Poi gli tornò in mente un'altra cosa. Se interpretava a quel modo il comportamento di Kevin, poteva fare lo stesso con quello di Manuel, anche Manuel non l'abbandonava mai ed era sempre accanto a lui, forse anche Manuel l'amava. Cominciava a sentirsi sopraffatto dalla felicità e anche dalla responsabilità che quei legami comportavano.
Sentì Chris muoversi, tossire. Vide che aveva aperto gli occhi. Era sveglio.
"Come va, fratello? Come ti senti?" gli sussurrò.
"Non lo so... ho caldo..." bisbigliò.
Si lamentò e Richard cercò di calmarlo con qualche carezza, poi si alzò per bagnare un fazzoletto all'acqua.

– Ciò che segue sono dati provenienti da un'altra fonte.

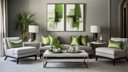 A collection of green plant textures and patterns arranged artistically, highlighting the rich diversity of nature's hues and providing ample copy space for design purposes, AI generated

"Vuoi dell'altra morfina?"
"No, non adesso. Ehi... Richard, sto per morire?" gli chiese con una voce che era sempre flebile, ma infinitamente più ferma.
Richard gli prese la mano, posò le labbra sulla fronte che sentì calda e febbricitante, lo baciò.
"Non lo so, Chris, ma non posso fare molto per aiutarti. Quando l'albero ti ha colpito, ha fatto qualcosa di... brutto dentro di te ed io non so cosa sia, né come fare ad eliminarlo."
"Tu sai quello che succede quando uno muore, Richard? Dov'è che va?"
"Non lo so. Nessuno lo sa per certo. Alle volte ho pensato che... forse è come cadere in un sonno profondo, senza più dolore..."
"I miei genitori erano buddisti, poi ho vissuto con degli zii che non praticavano nessuna religione, e poi... le famiglie che mi adottavano erano sempre cattoliche, quindi non ci capisco molto... non so proprio dove andrò... dopo!"
"Io so che i buddisti credono nella vita dopo la morte..." ma già dicendole pensò che quelle parole fossero troppo complicate per il ragazzo in quel momento e non ricevendo risposta si limitò ad accarezzarlo.
"Credi che rivedrò i miei genitori?" fece Chris dopo un poco.
"Oh, sono sicuro di si, li incontrerai certamente."
"Resta vicino a me, Richard, ti prego."
"Non ti lascerò, fratellino, stai tranquillo. Non ti lasceremo mai da solo!"
"Ti prego..." e si riassopì, perché parlare l'aveva spossato.
A Richard era costato più di tutte le altre fatiche, ad ogni parola che diceva si era sentito sempre più disperato. Continuò a tenergli la mano e ogni tanto si abbassava a sfiorargli la fronte con le labbra.
"Vorrei provare a passarti un poco di acqua fresca sulla fronte, per vedere se aiuta ad abbassarti la temperatura" disse più a se stesso che a Chris che non l'ascoltava più.
Quando si avvicinò al laghetto, alzò gli occhi e vide che dietro le cascate il cielo si stava decisamente schiarendo.
La loro seconda giornata stava cominciando, piena di incognite e sorprese.